Taxability of proceeds from sale of Renewable Energy Certificates (REC) issued by CERC - Central Electricity Regulatory Commission

Facts:

Assessee sold REC's issued by CERC and claimed these to be extraordinary income not in the line of business and was not taxable as these were akin to carbon credits. Lower authorities did not accept this stand as REC's were not notified as per Kyoto protocol. On higher appeal -

Held in favour of the assessee that REC's were not taxable as these were akin to carbon credits.

Applied:

CIT v. My Home Power Ltd. 2014 TaxPub(DT) 2672 (AP-HC)

Essel Mining and Industries Ltd. v. DCIT [ITA No. 602/Mum/2021, dt. 27-6-2022] : 2022 TaxPub(DT) 4744 (Mum-Trib)

Dwarikesh Sugar Industries Ltd. v. NFAC [ITA No. 562/Mum/2022, dt. 5-7-2022] : 2022 TaxPub(DT) 4742 (Mum-Trib)

Kalpataru Power Transmission Ltd.[2019-TIOL-1424-ITAT-AHM]

Alembic Limited [ITA Nos. 553/2017 & 554/2017] (Gujarat High Court 28.08.2017)

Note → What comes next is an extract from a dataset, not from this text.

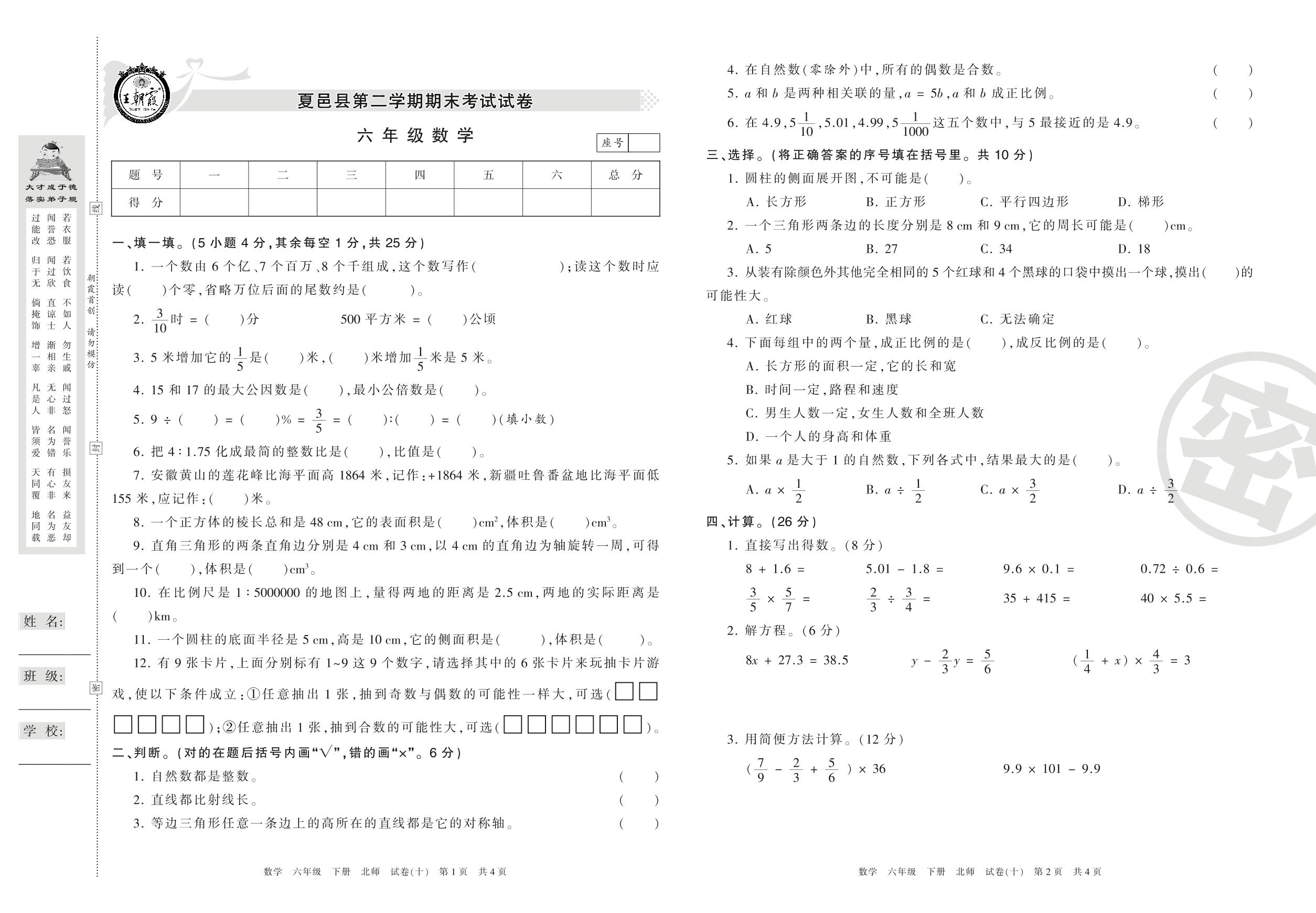 2015-2016学年第二学期商丘市夏邑县六年级数学试卷(北师版)【10】

L.H. Sugar Factory Pvt. Ltd. [2016-TIOL-1942-HC-ALL-IT]

Ambika Cotton Mills Ltd. [TS-144-HC-2021(MAD)]

LancoTanjore Power Co. Ltd. (2021) 434 ITR 671 (Madras) : 2021 TaxPub(DT) 1762 (Mad-HC)

Tamil Nadu Newsprint & Papers Ltd. 2021 TaxPub(DT) 4041 (Mad-HC)

Arun Textiles Pvt. Ltd. [2016-TIOL-2212-HC-MAD-IT]

Rajasthan State Mines and Minerals Ltd. [2017-TIOL-2297- HC-RAJ-IT]

Shree Cement Ltd. [ ITA No. 86/204 dated 22-8-2017]

Subhash Kabini Power Corporation Ltd. 2016 TaxPub(DT) 2164 (Karn-HC)

Dodson Lindblom Hydro Power Pvt. Ltd. [2019-TIOL-531- HCMUM- IT]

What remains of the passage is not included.